I blinked, trying to see better, desperate to prove to myself I wasn’t imagining it. Oh please, I begged my ancestors. Please don’t let this be a trick. As I’d done thousands of times before, I set my will upon the band.
Nothing happened, and I saw that the sigils weren’t really moving at all. I felt such a deep, biting sense of disappointment that my eyes filled with stupid, childish tears. Even though I tried to hold it back, a sob escaped my lips.
‘Relax, kid,’ Ferius said.
‘You don’t understand! You never did! This is all I’ve—’
‘No, I mean it. Shut up and relax.’
All of a sudden I understood what she meant. When I’d first seen the change in the band on my forearm, I’d become elated, but you can’t exert your will on the fundamental forces of magic when you’re excited, just like you can’t when you’re crying like a baby. It takes calm. Control. Command.
I closed my eyes to stop myself from paying attention to the band itself and instead sent my focus inwards, calling forth the power that would attach to the silver sigils, willing the tiny tattooed links between them to break apart, freeing the magic inside me.
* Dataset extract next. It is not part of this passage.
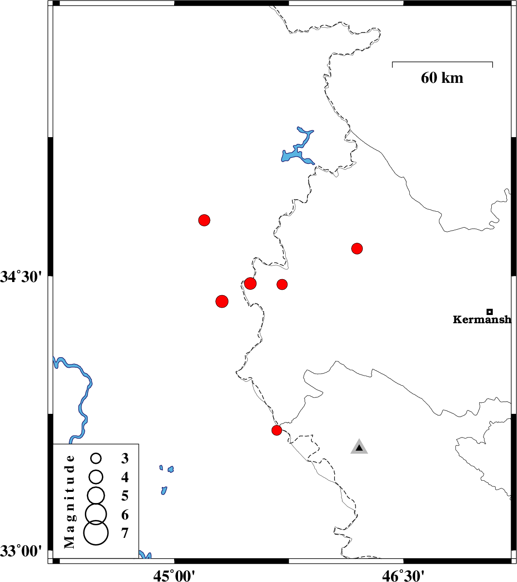 | 2018/07/03 | 21:46:33.7 | 02:16:33.7 | 34.46 | 45.498 | 15 | ML:3.5 | Kermanshah Province, 10 km of Qasr-E-Shirin | ||

I didn’t rush, didn’t think about how long it was taking or the fact that Ferius was still holding me in her arms or that I had no friends any more or that if I failed I’d become … I let it all go. I stopped asking myself if I had the magic of my people. I was done asking.
‘Hey, kid, look.’
‘I know,’ I said, my eyes still closed. I didn’t need to look at the sigils because I already knew they were glowing with magical force.
‘Which one is that?’ Ferius asked.
I opened my eyes, and then drew clean, beautiful air into my lungs before I said the single, awestruck word: ‘Breath!’
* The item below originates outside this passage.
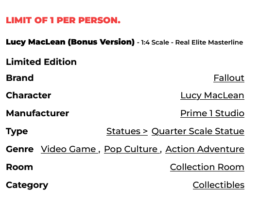 Set 200 years after nuclear war, Fallout weaves together the stories of three protagonists. From the drama series that carries over the original game’s sharp satirical spirit, Lucy MacLean is brought to life in the Real Elite Masterline.

Ferius was looking down at me, not smiling exactly, but at least she wasn’t making any stupid jokes. I let myself stare at the silver sigils of the breath band, the tiny, beautiful symbols shining like stars on the canvas of my skin, each one representing a different form of breath magic I could now cast.
I had sparked a band.
I reached out with my other hand towards one of the glow-glass lanterns above us and pushed at it with my will. A soft light began to emerge, slowly pushing back against the darkness around us. It wasn’t much, in fact it was barely anything at all, but it was there. It was real.
I wasn’t Sha’Tep.
I wasn’t broken.
I had magic.
As the glow of the lantern began to warm my skin, I caught Ferius’s eye and was surprised by what I found there. She was staring at my face. ‘Aw, kid, no …’
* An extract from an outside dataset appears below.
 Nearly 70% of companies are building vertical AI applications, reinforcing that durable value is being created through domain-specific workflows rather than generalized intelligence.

I knew I probably looked a mess. I’d taken a beating that was so bad I could barely feel my cheeks or open my eyes from the bruising. But I still resented her for not having the decency to at least pretend to share my happiness. To the hells with her Argosi ways and her spite for my people. Still, I was feeling generous. ‘I know it looks bad,’ I said. ‘Guess even with magic I’m going to need you to teach me how to fight.’
Ferius opened her mouth but then closed it again. She hoicked me back up, the muscles of her face tensing as if I’d just got a whole lot heavier. ‘No, kid, now I’m going to have to teach you how to run.’